Ocupado como estaba en luchar por mi vida, cuando conseguí subir por la cuerda y vi lo que sucedía en cubierta ya era tarde para hacer cualquier cosa. Por el lado contrario al que me encontraba había aparecido un barco un poco más grande que el nuestro que ondeaba una oscura bandera pirata, y sus tripulantes ya nos habían abordado y tenían a Escarlata y a Aëstin amordazados e inconscientes (de Zippo ni rastro). Mientras pensaba en qué hacer para ayudarles, oí un fuerte golpe y sentí un gran dolor en la cabeza mientras caía en una profunda oscuridad.

Me despertaron al cabo de no se cuanto tiempo tirándome un cubo de agua helado por encima. Me encontraba atado a una silla en el comedor de mi barco, desarmado y rodeado de un atajo de feos y tatuados piratas. De entre estos piratas se adelantó el que intuí era el capitán, ya que era el más feo, el más grande y el más tatuado. Todo su cuerpo estaba dibujado con un patrón de plumas que hacia que, junto a su pelo y su larga barba pelirroja, el pirata pareciese un pájaro.

Se acercó y se agachó hasta quedarse a pocos centímetros de mi cara, y entonces con una grave y profunda voz me dijo:
― ¿Dónde está la mercancía, muchacho?
― ¿Mercancía? ¿Qué mercancía? -. Contesté confuso. A modo de respuesta recibí un brutal puñetazo que me tumbó junto con la silla a la que estaba atado.
― ¡Escúchame pequeñajo! ¡Somos piratas, y a los piratas no nos gusta perder el tiempo, así que o nos dices ahora mismo donde está la mercancía que transportáis o te mato a ti y a tus amigos aquí mismo!
― ¡Pero es que no llevamos ninguna mercancía a bordo! No somos ningún barco carguero. ¡Al igual que vosotros, nosotros también somos piratas!

Un tenso silencio se hizo en la sala. El capitán se acercó más todavía a mi cara y clavó su mirada fijamente en mis ojos, lo cual me hizo estremecerme de arriba abajo. Pero no era momento de ponerse a temblar. Debía demostrarle a aquel pirata que no le tenía miedo (aunque fuese mentira). Yo era el capitán de aquel navío y mis hombres dependían de mí, así que no podía fallarles, sus vidas y la mía dependían de ello, porque si hay algo que tenía claro es que aquellos piratas iban en serio.

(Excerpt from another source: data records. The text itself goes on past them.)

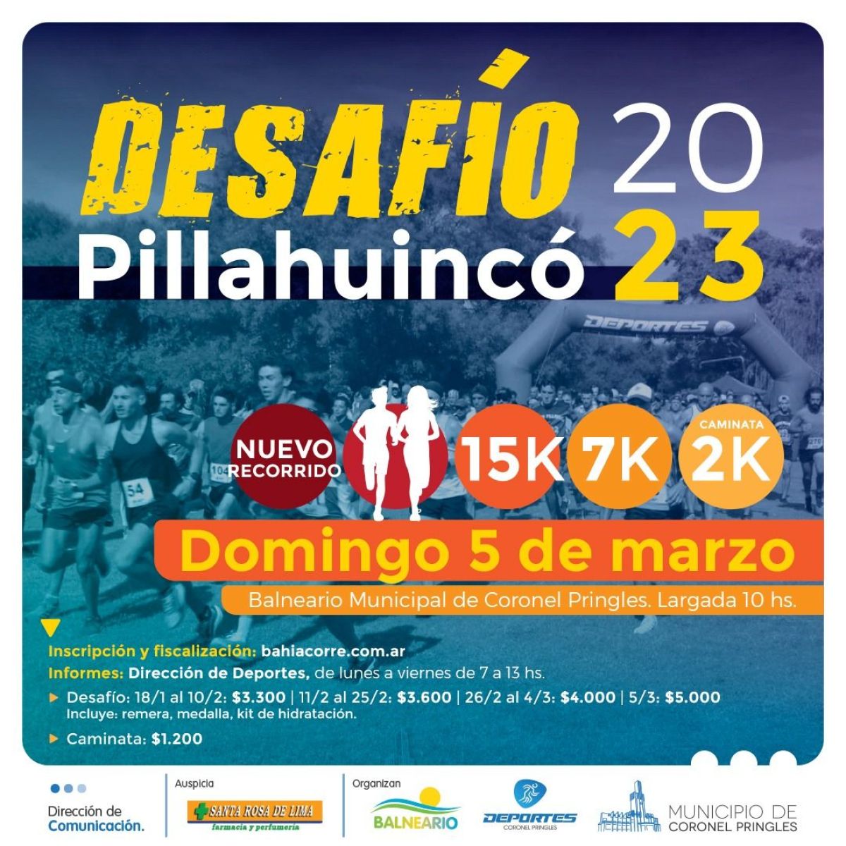 En síntesis, la competencia Desafío Pillahuincó 2023 se realizará el domingo 5 de marzo, con largada a las 10 horas, en el Balneario Municipal, con un recorrido de 7 y de 15 kilómetros, que se le suma 2 kilómetros de caminata, esta última con una inscripción de $1.200.
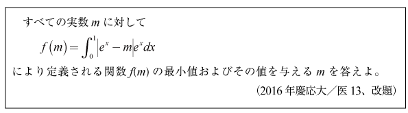 [B]絶対値記号付定積分の最小値の問題(2016年慶応大/医13)
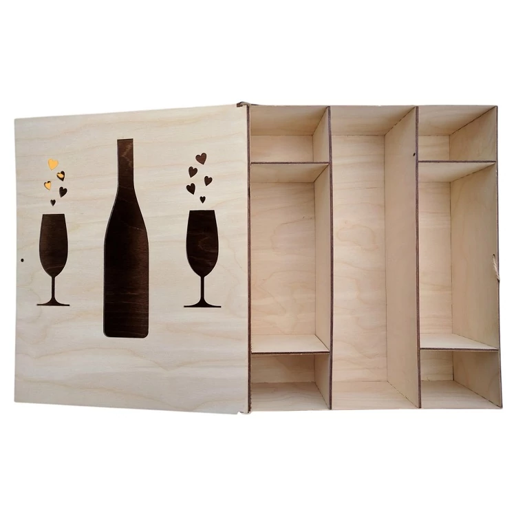 Elegáns, fából készült bortartó doboz pohártartóval. Kiváló ajándék bor- és pezsgőkedvelők számára, természetes megjelenéssel és lézergravírozott mintával.
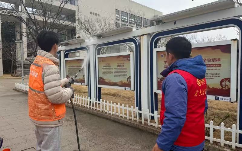 本次活动聚焦校园环境整治提升,涵盖烟头清捡和公共设施冲洗等实践环节。全体人员分组协作、干劲十足,身着志愿马甲的身影成为校园中一道靓丽的风景线。
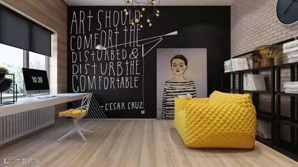 墙面的涂鸦英语和大幅的装饰画
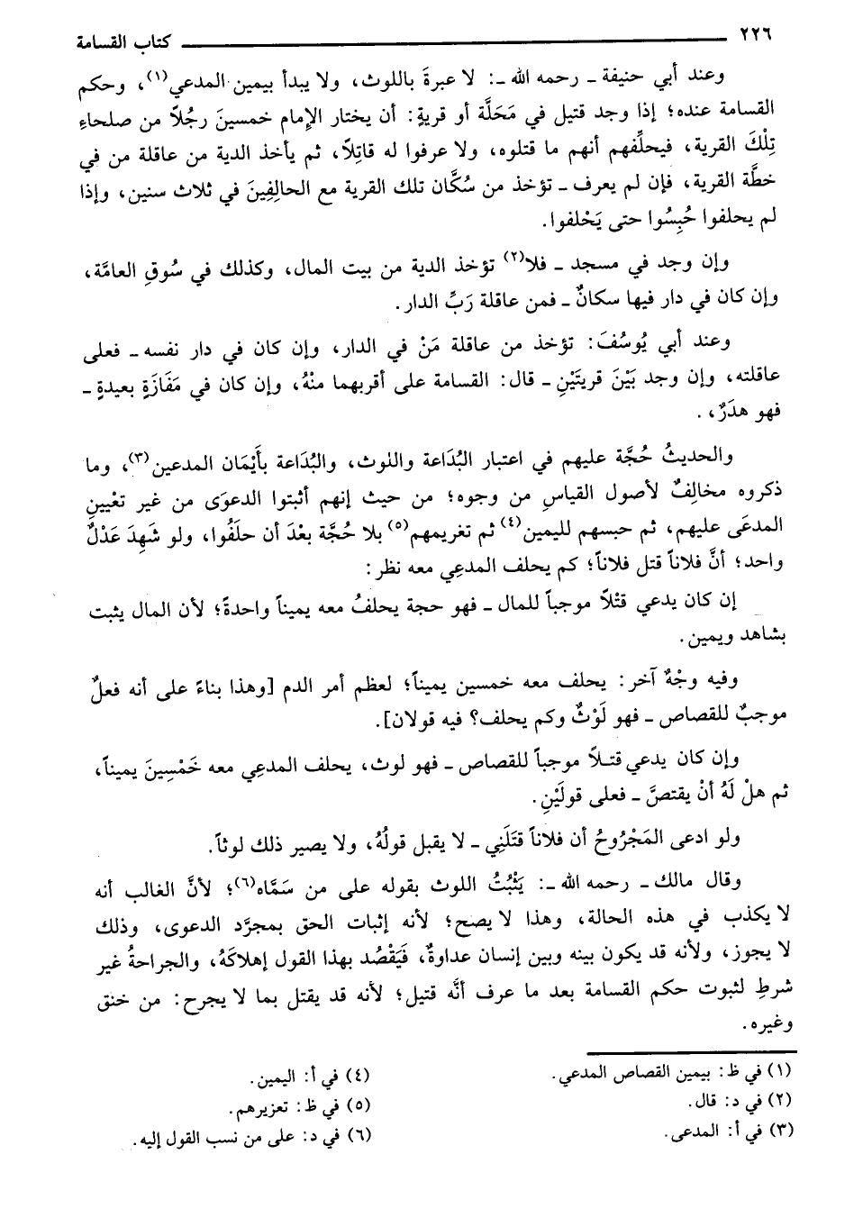 وعند أبي حنيفة- رحمه الله-: لا عبرة باللوث، ولا يبدأ بيمين المدعي، وحكم القسامة عنده؛ إذا وجد قتيل في محلة أو قرية: أن يختار الإمام خمسين رجلاً من صلحاء تلك القرية، فيحلفهم أنهم ما قتلوه، ولا عرفوا له قاتلاً، ثم يأخذ الدية من عاقلة من في خطة القرية، فن لم يعرف - تؤخذ من سكان تلك القرية مع الحالفين في ثلاث سنين، وإذا لم يحلفوا حبسوا حتى يحلفوا.
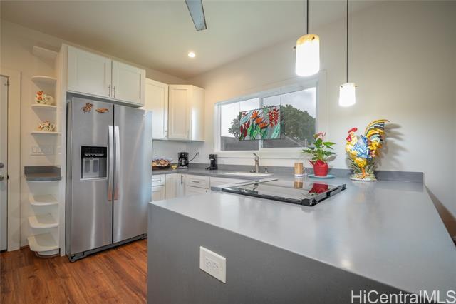 3 BR, 2 Bath Charming Home with 2 Car Carport on former Lychee orchard land. Rebuilt in 2017. Modern, open kitchen with Corian counter tops. Inviting front Lanai and high ceilings in home. New stove. Washer & Dryer included. Fenced yard & ample storage space. Close to Wahiawa town and Ka'ala Neighborhood Park.
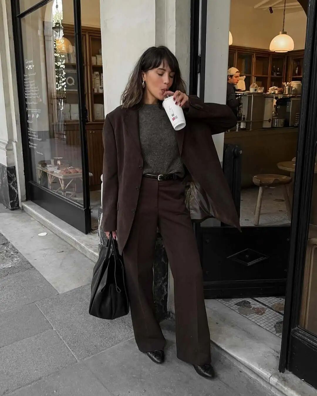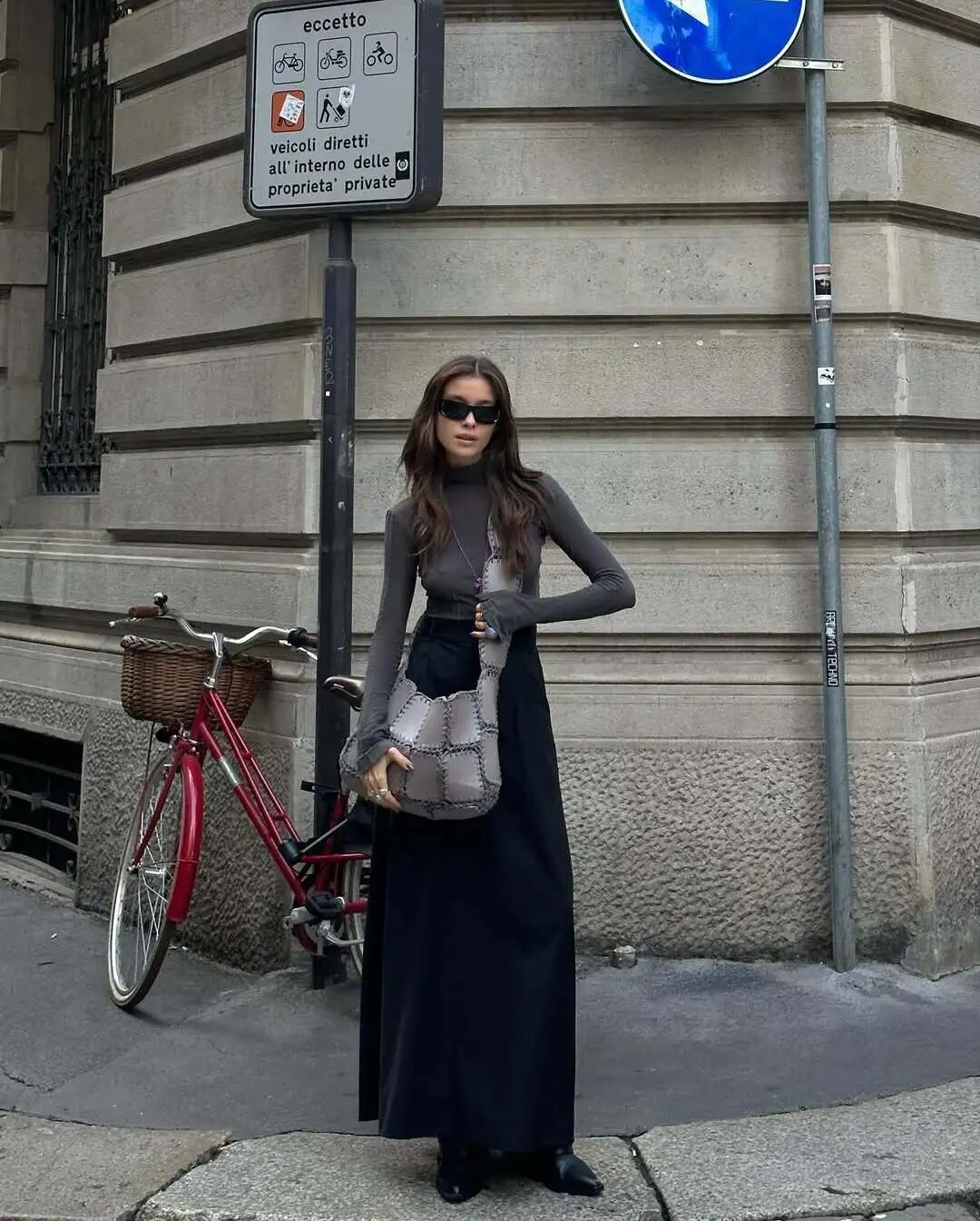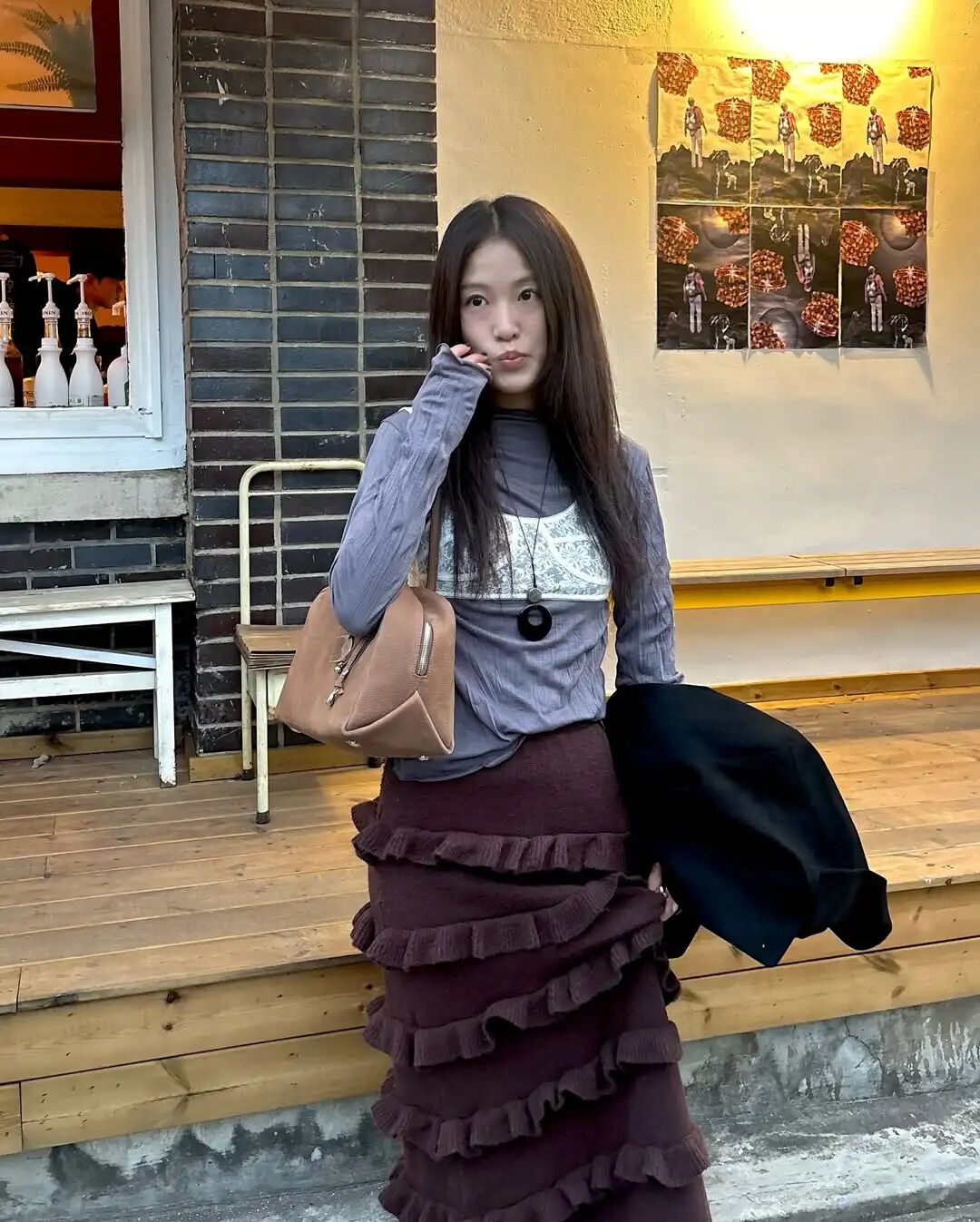 不知道怎么搭配时,同色系就是那个不出错的选择,灰色系的搭配更是把“克制美”发挥到了极致。用灰色打底搭配百褶裙或是大衣,颜色上从浅到深自然过渡,不同灰度会泛出不同的柔和光泽,像水墨画的渐变色,没有多余的色彩干扰,却靠面料的质感清晰分出层次。
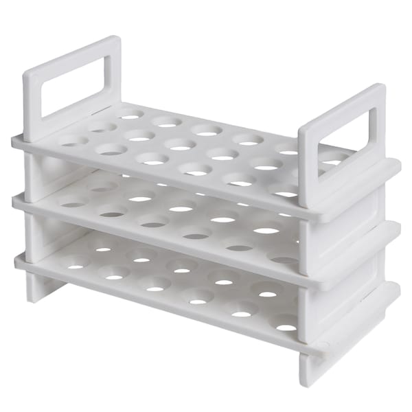 Polypropylene racks with a 3-tier design provide a clear view of the tube contents and convenient insertion and removal of tubes.
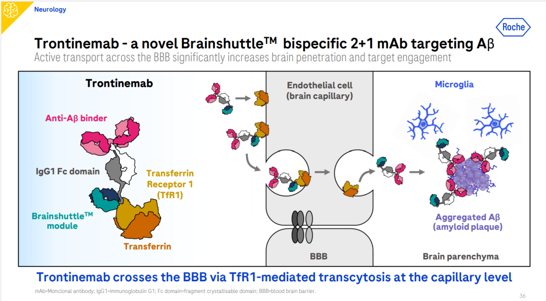 Trontinemab是罗氏开发的新型重磅Aβ抗体药物,其除了采用独特的Aβ抗原表位,同时采用了Brainshuttle技术,通过偶联能结合Transferrin Receptor转铁蛋白受体的模块,得以大幅提高穿透血脑屏障(BBB)的能力,提高到达脑部的分布能力。

Pasaron los minutos, pero aquel grandullón no me quitaba ojo de encima. De hecho, juraría que ni siquiera parpadeaba, y mientras la tensión iba en aumento.
― Así que sois piratas, ¿no? -, dijo finalmente.
― Sí -, contesté.
― Y supongo que tú eres el capitán...
― Así es.

Una súbita carcajada general inundó mis oídos, pero para mi desgracia no podía tapármelos por tener las manos atadas, de modo que escuché frases del tipo “pero si ni siquiera tienen bandera” o “¿y dónde está su tripulación?” entre risotada y risotada.
― Bueno, bueno, chicos, ya está bien. Démosle la oportunidad de explicarse-, dijo el capitán con lágrimas en los ojos al cabo de unos minutos.

Les expliqué que hacía muy poco tiempo que nos habíamos convertido en piratas y que por eso aún no teníamos bandera ni muchos hombres. También les conté un poco lo que pasó en LittleWitch, pero omití que Escarlata podía hacer magia y, por supuesto, oculté todo lo relacionado con la Wind Island, Ybuflow, la verdadera identidad de Aëstin y la existencia de Zippo, ya que por lo visto aquel pequeño compañero había conseguido escapar de las zarpas de aquellos piratas.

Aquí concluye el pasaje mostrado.